Small area estimation under nonlinear relationships between study and auxiliary variables
Conference
Format: CPS Abstract - IAOS 2026
Keywords: #officialstatistics
Session: Complex analysis & indicators in official statistics (2)
Wednesday 13 May 2:30 p.m. - 4 p.m. (Europe/Vilnius)
Abstract
Small area estimation (SAE) methods commonly utilize auxiliary information through linear linking models between the study and auxiliary variables. However, in many practical situations the relationship between these variables is inherently nonlinear, which may lead to inefficiency or bias when linear small area estimators are applied. Motivated by this issue, this paper proposes a new nonlinear small area estimator that incorporates auxiliary information through a logarithmic adjustment to the direct estimator.

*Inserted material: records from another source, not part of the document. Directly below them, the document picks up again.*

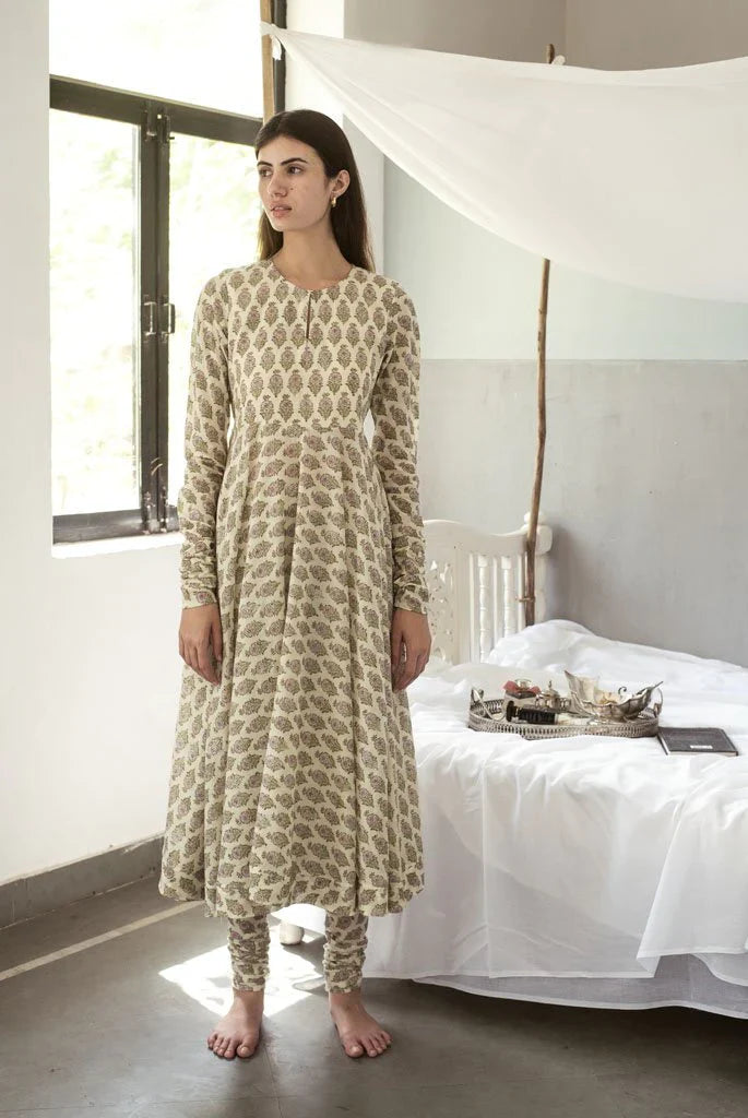 This hand block printed kalidaar has been block printed in a repeat pattern of lavender coloured Mughal style flowers in Sanganeri style of hand block printing.Our printing is done by artisans in the nearby village of Sanganer near Jaipur.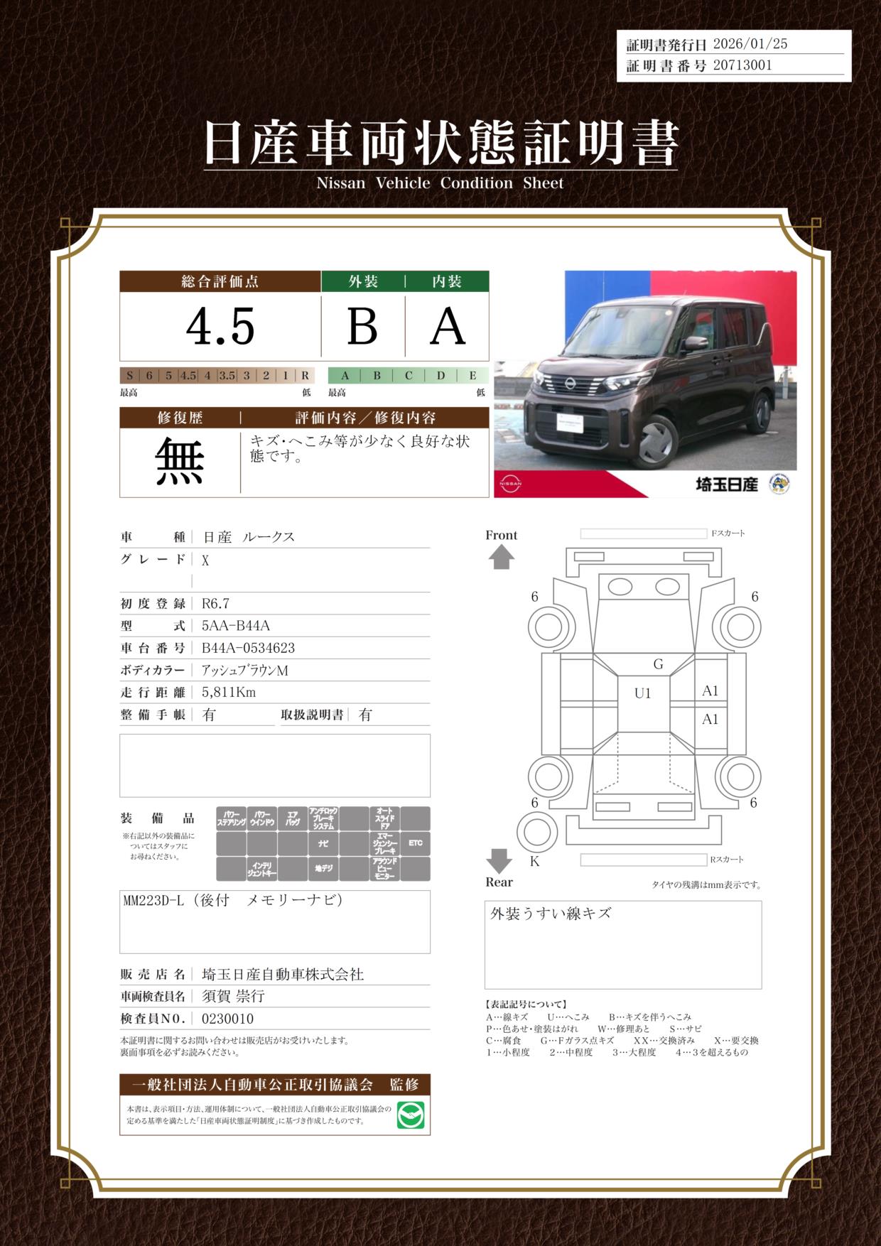 現状括弧書き内の年月まで車検有効期限が残っていますが、ご成約時に新しく車検を取り直します。なお取り直しの費用は車両価格に含まれています。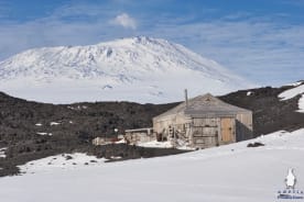 Borchgrevink’s Hut at Cape Adare, Antarctica, site of the world’s largest Adelie Penguin colony.
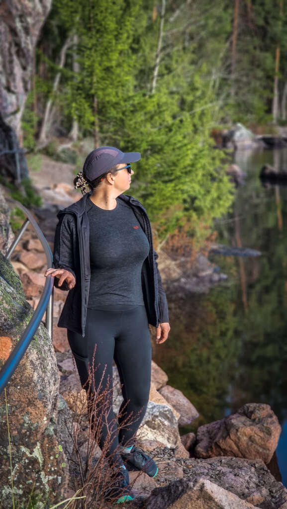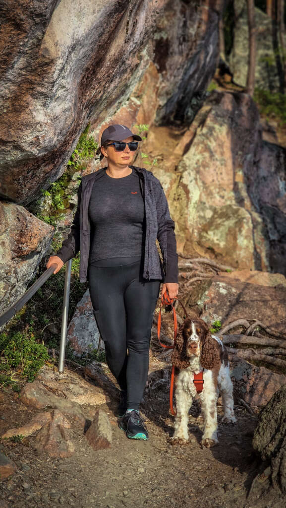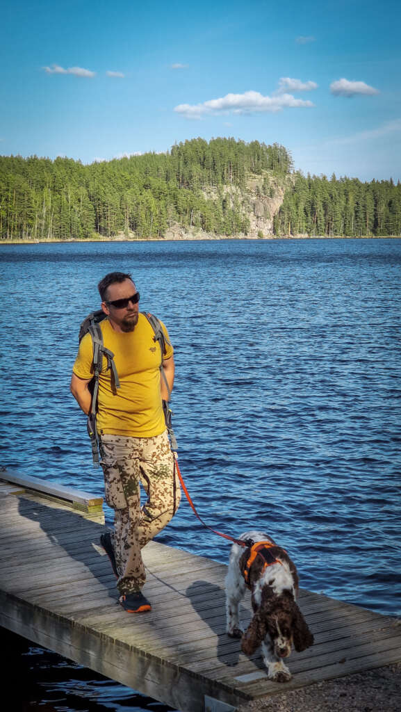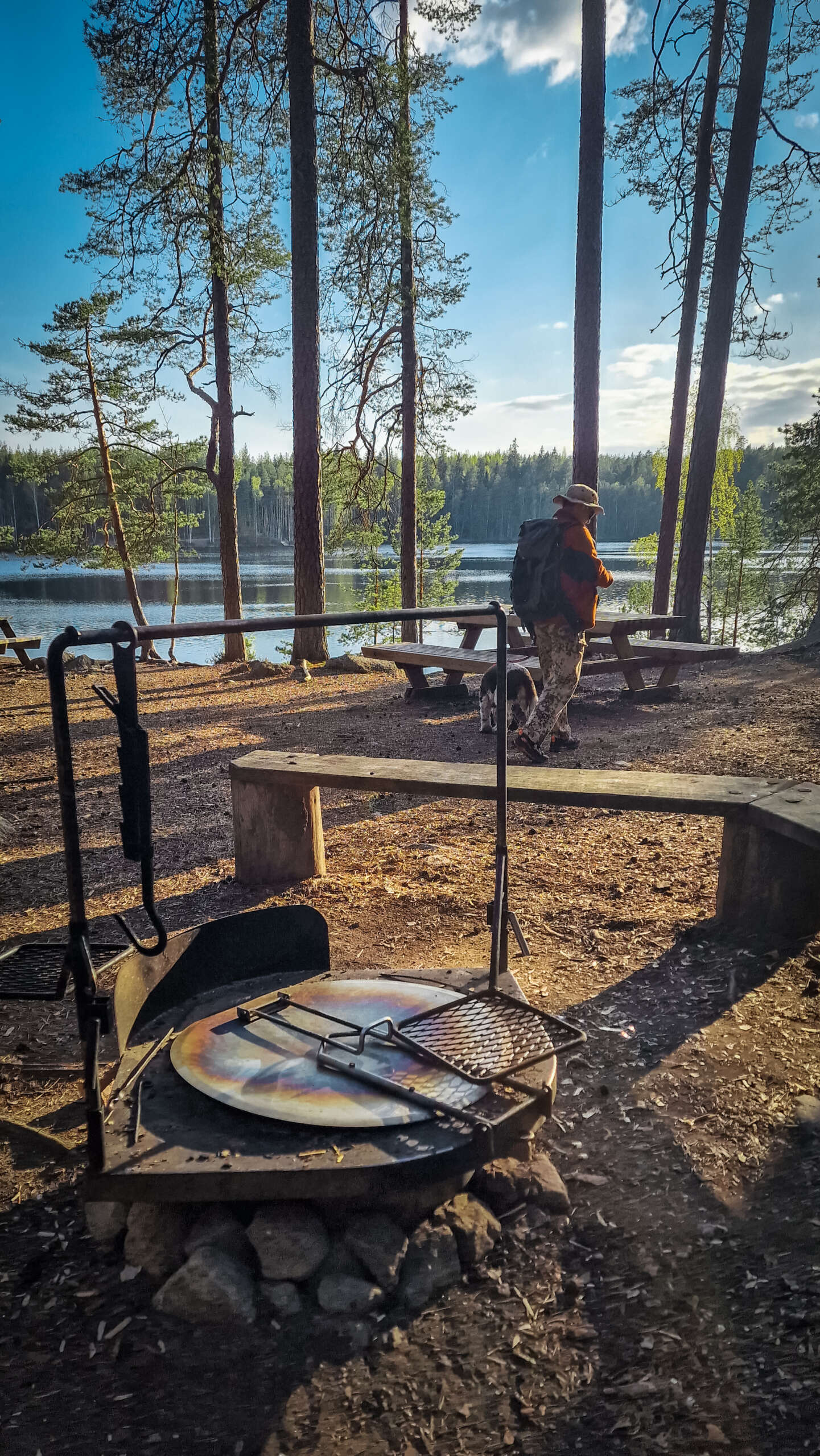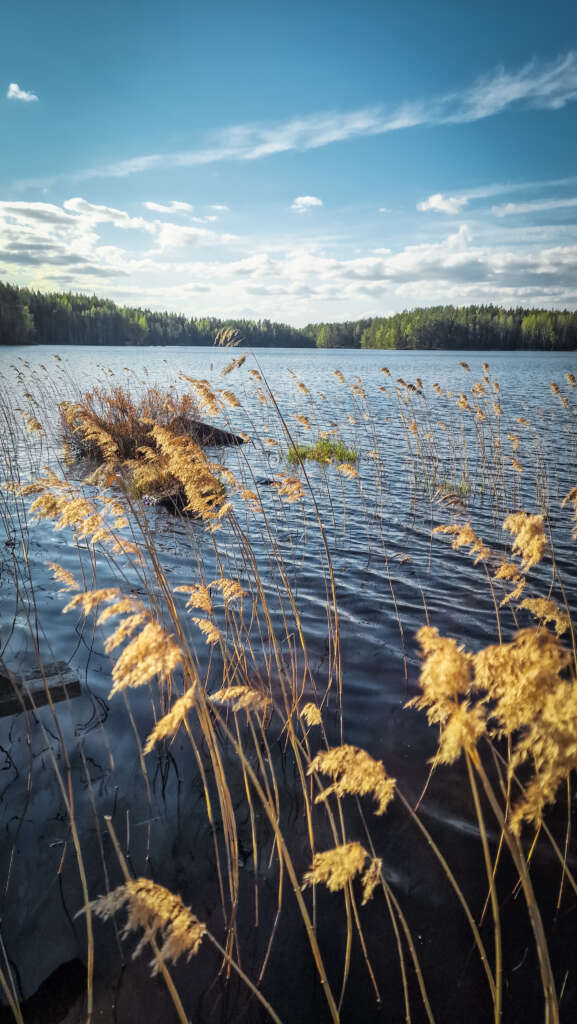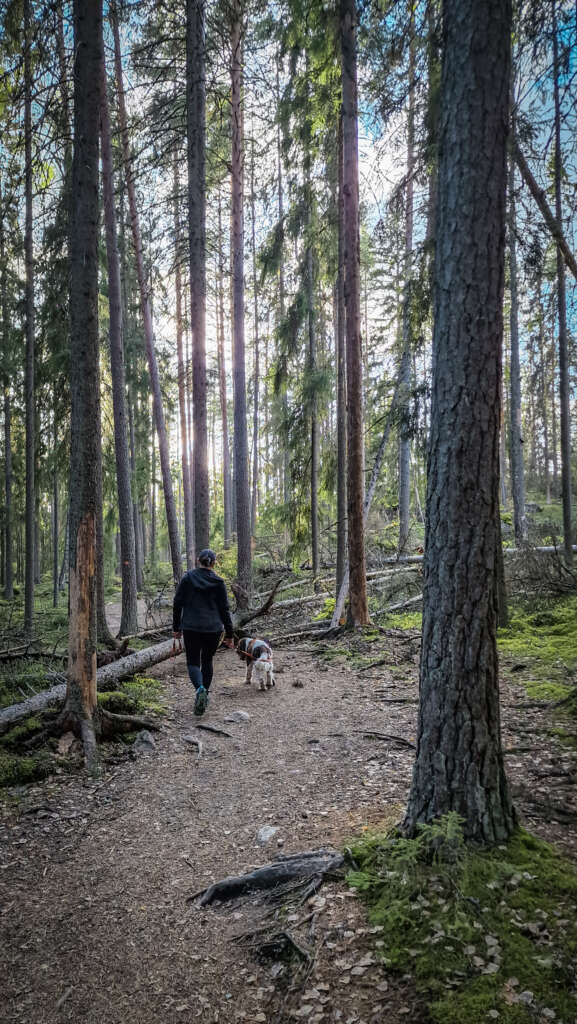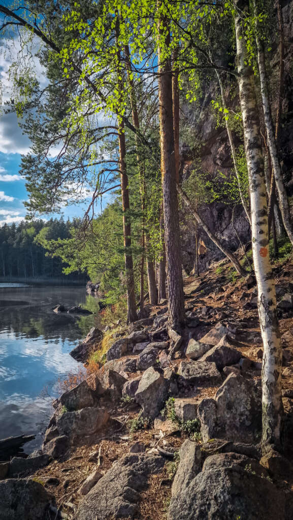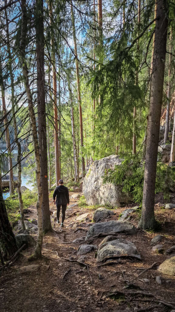 No ale nie o jedzeniu jest ten blog… Szlak prowadzi po okręgu , jednak nie można go wyznaczyć na mapie, bo dwukrotnie przecinamy jezioro. Po zejściu do jeziora skręciliśmy w prawo i po ok 800m doszliśmy do przeprawy tratwą. Troszeczkę przypomina to ścieżkę w Narwiańskim Parku Narodowym, gdzie przez Narew przeprawiamy się po dryfujących kładkach. Tutaj jednak odległość między brzegami robiła wrażenie. Niesamowita zabawa i troszeczkę adrenaliny gwarantowane. Przeciwległy brzeg jest mocno skalisty, przez co spektakularny szczególnie w miejscu, gdzie pionowa skała wpada praktycznie prosto do wody. Jest odrobina zabezpieczeń jednak właściwie i bez nich nie czułam niebezpieczeństwa. Większość szlaku, jak to zazwyczaj w Finlandii, biegnie przez las, z punktami widokowymi na jezioro. Po drodze miniecie też rozległą wiatę turystyczną z miejscem ogniskowym i toaletą. Jest tu także piękny widok na jezioro. Drugie takie miejsce znajduje się blisko mostu.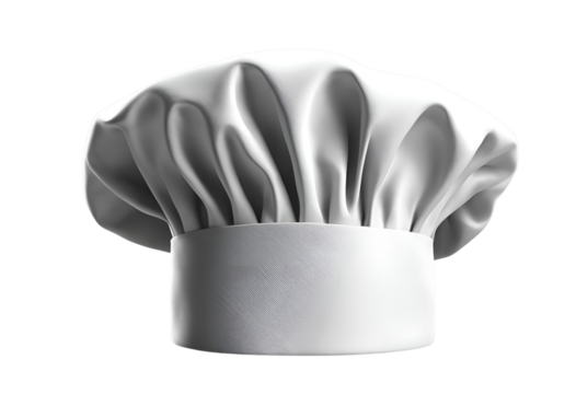 Classic white chef hat with a tall, pleated design, perfectly isolated.

The proposed estimator is designed to accommodate nonlinear relationships between the study and auxiliary variables while preserving the simplicity of conventional ratio-based estimators. Approximate expressions for the bias and mean squared error of the proposed estimator are derived under a superpopulation model, and its theoretical properties are examined. The performance of the estimator is evaluated through comparisons with the classical direct, ratio, and regression-type small area estimators.
An extensive simulation study is conducted under various nonlinear population structures and sampling scenarios, including areas with small and zero sample sizes. The results demonstrate that the proposed estimator achieves improved efficiency and reduced mean squared error in the presence of nonlinear auxiliary effects, while maintaining competitive performance under near-linear conditions. An application to a real data set further illustrates the practical usefulness of the proposed approach for small area estimation.